> _What the task requires_: Please reproduce the lines of the records below from the one holding "東北新幹線H5系の乗降扉より望む田園風景" through the one holding "Here is my grandpa's", inclusive, skipping all pictures.

> _Stored data_:
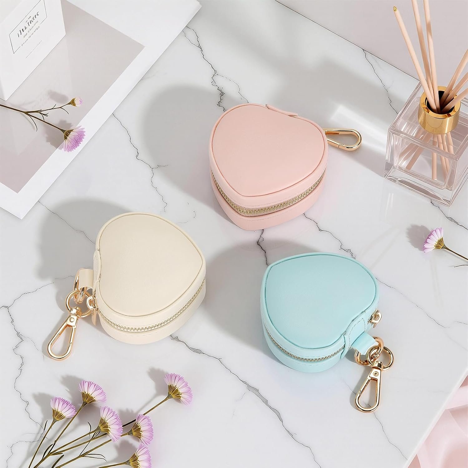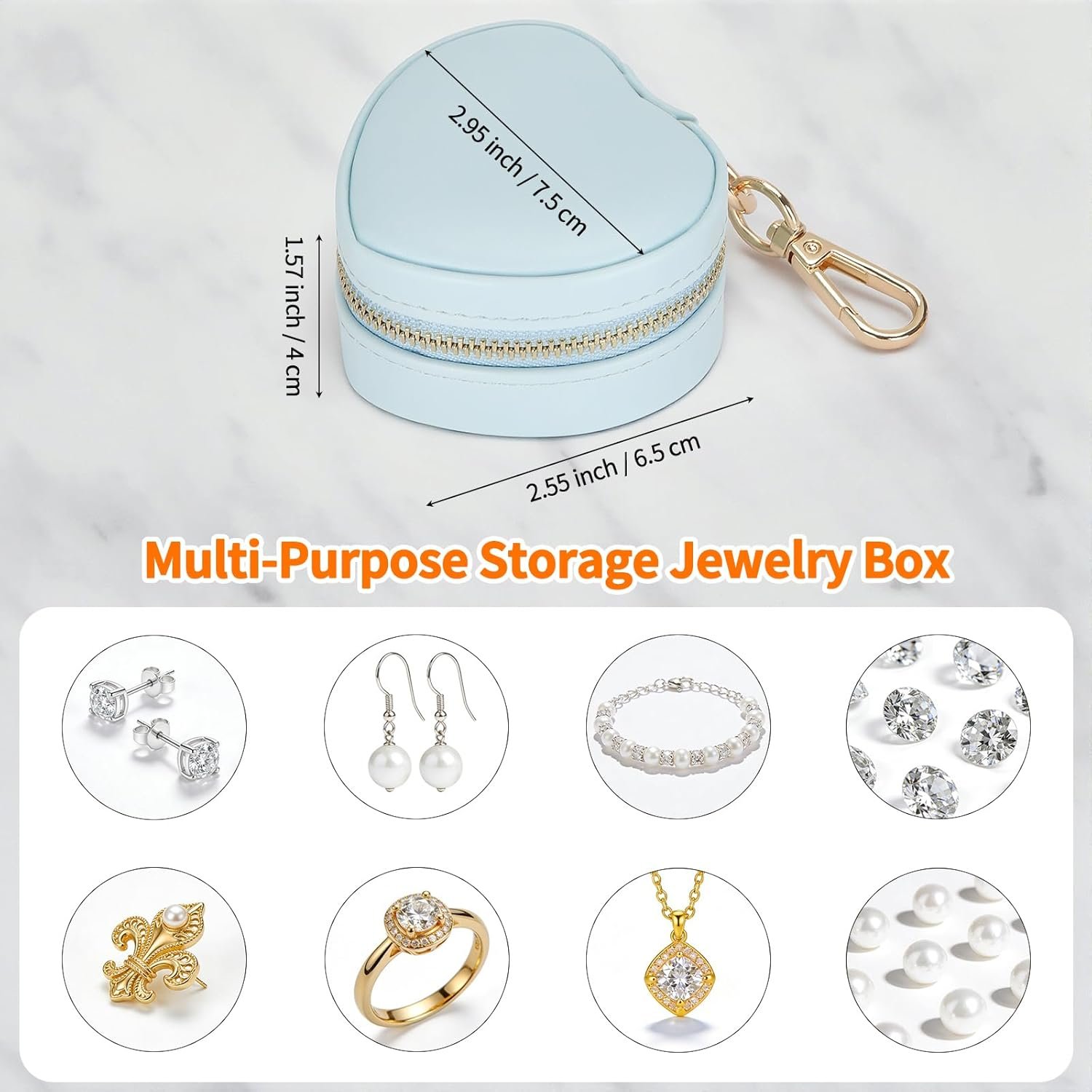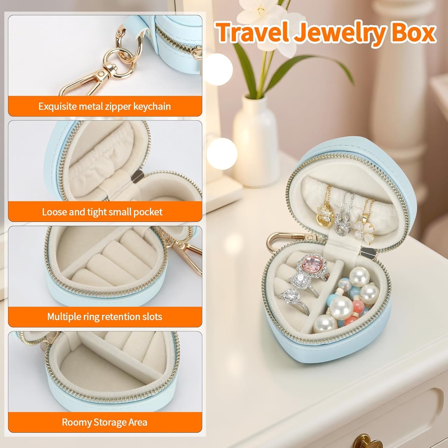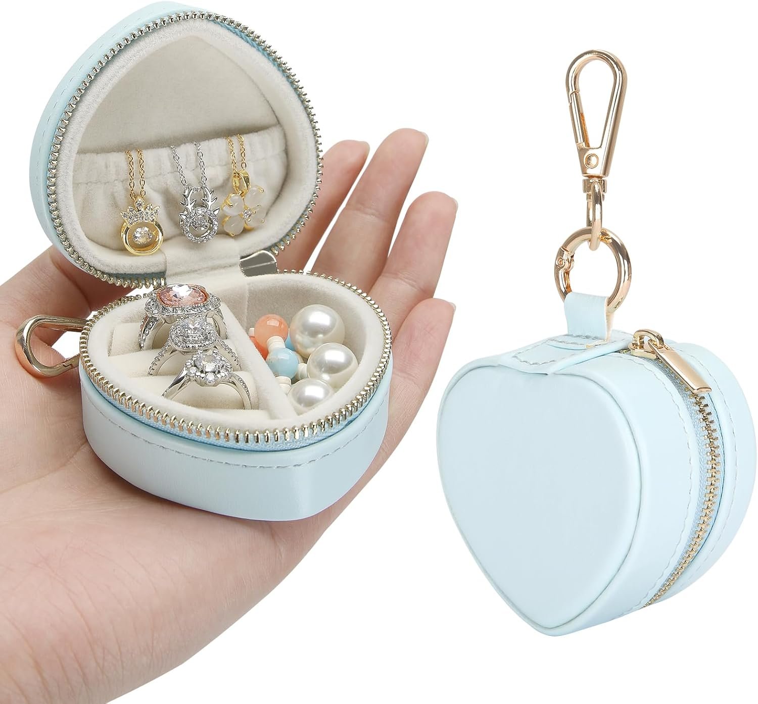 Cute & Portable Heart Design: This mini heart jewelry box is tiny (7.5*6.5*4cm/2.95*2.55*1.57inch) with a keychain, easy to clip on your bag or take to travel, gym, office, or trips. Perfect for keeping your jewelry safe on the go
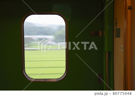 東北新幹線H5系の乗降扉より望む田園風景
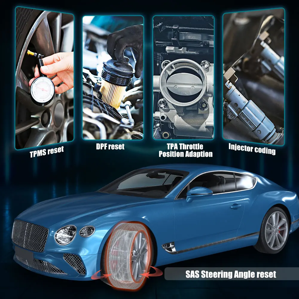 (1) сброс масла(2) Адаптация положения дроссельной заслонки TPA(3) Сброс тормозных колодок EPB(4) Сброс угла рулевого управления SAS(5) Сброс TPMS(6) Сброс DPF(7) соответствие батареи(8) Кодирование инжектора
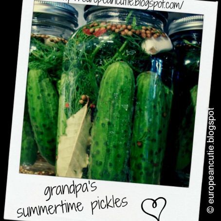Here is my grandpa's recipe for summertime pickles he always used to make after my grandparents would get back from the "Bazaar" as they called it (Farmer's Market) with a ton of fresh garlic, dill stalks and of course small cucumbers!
---
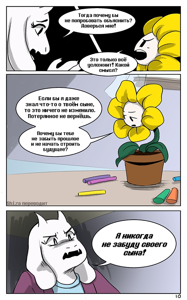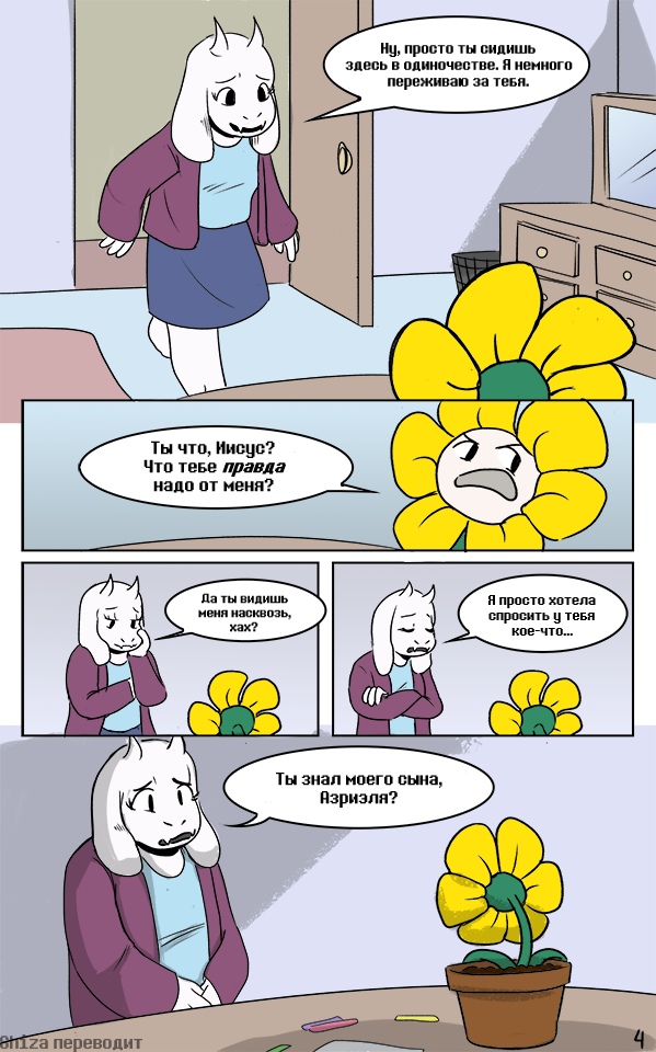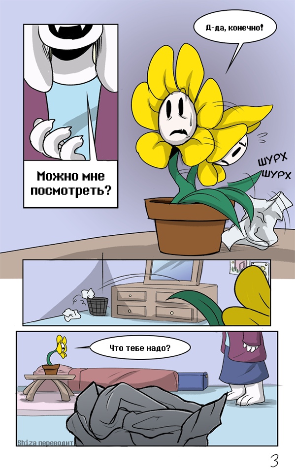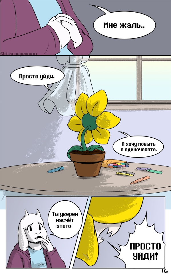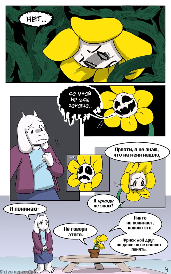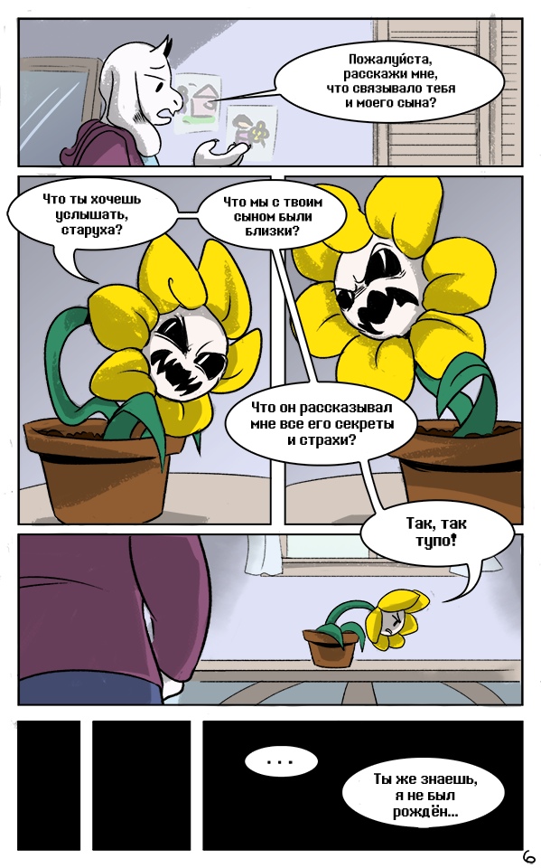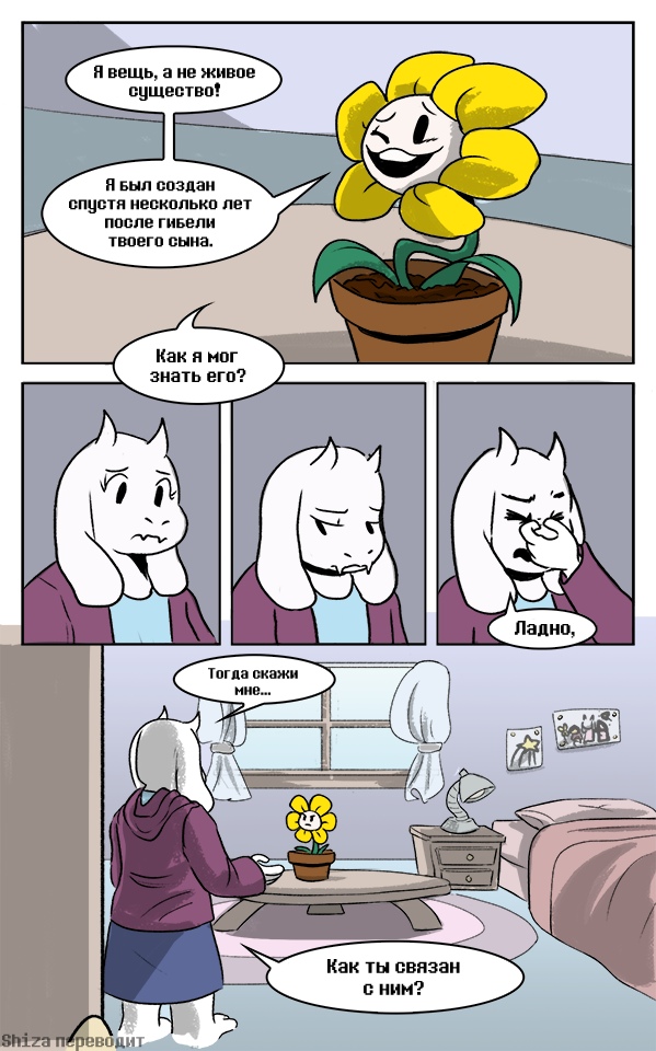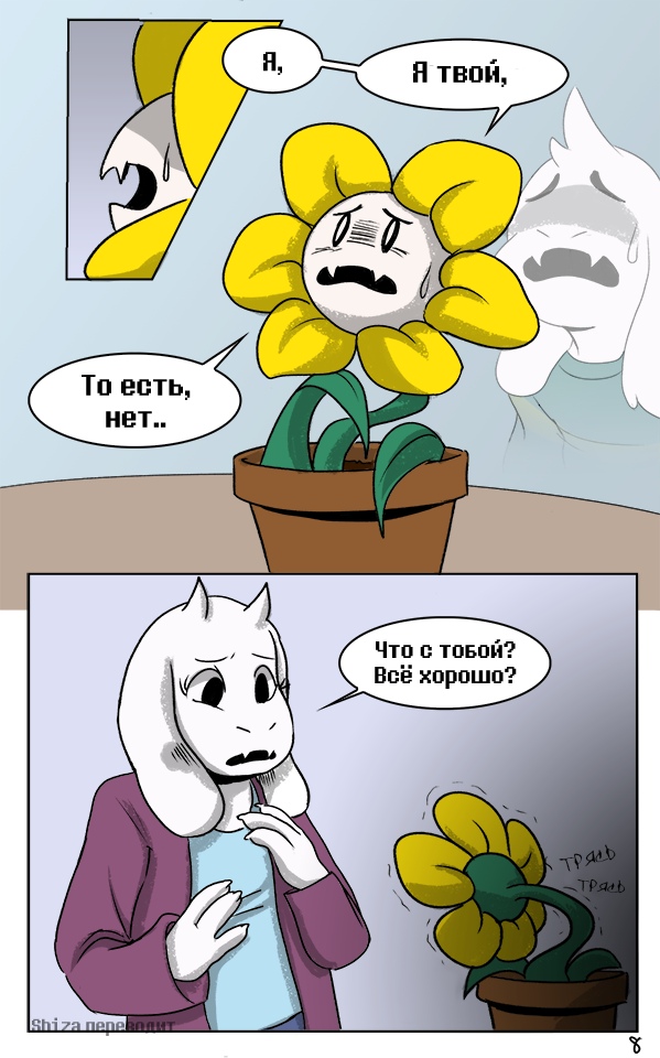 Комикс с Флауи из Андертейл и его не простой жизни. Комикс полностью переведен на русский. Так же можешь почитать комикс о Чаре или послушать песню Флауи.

> _Solution_:
 東北新幹線H5系の乗降扉より望む田園風景
 (1) сброс масла(2) Адаптация положения дроссельной заслонки TPA(3) Сброс тормозных колодок EPB(4) Сброс угла рулевого управления SAS(5) Сброс TPMS(6) Сброс DPF(7) соответствие батареи(8) Кодирование инжектора
Here is my grandpa's recipe for summertime pickles he always used to make after my grandparents would get back from the "Bazaar" as they called it (Farmer's Market) with a ton of fresh garlic, dill stalks and of course small cucumbers!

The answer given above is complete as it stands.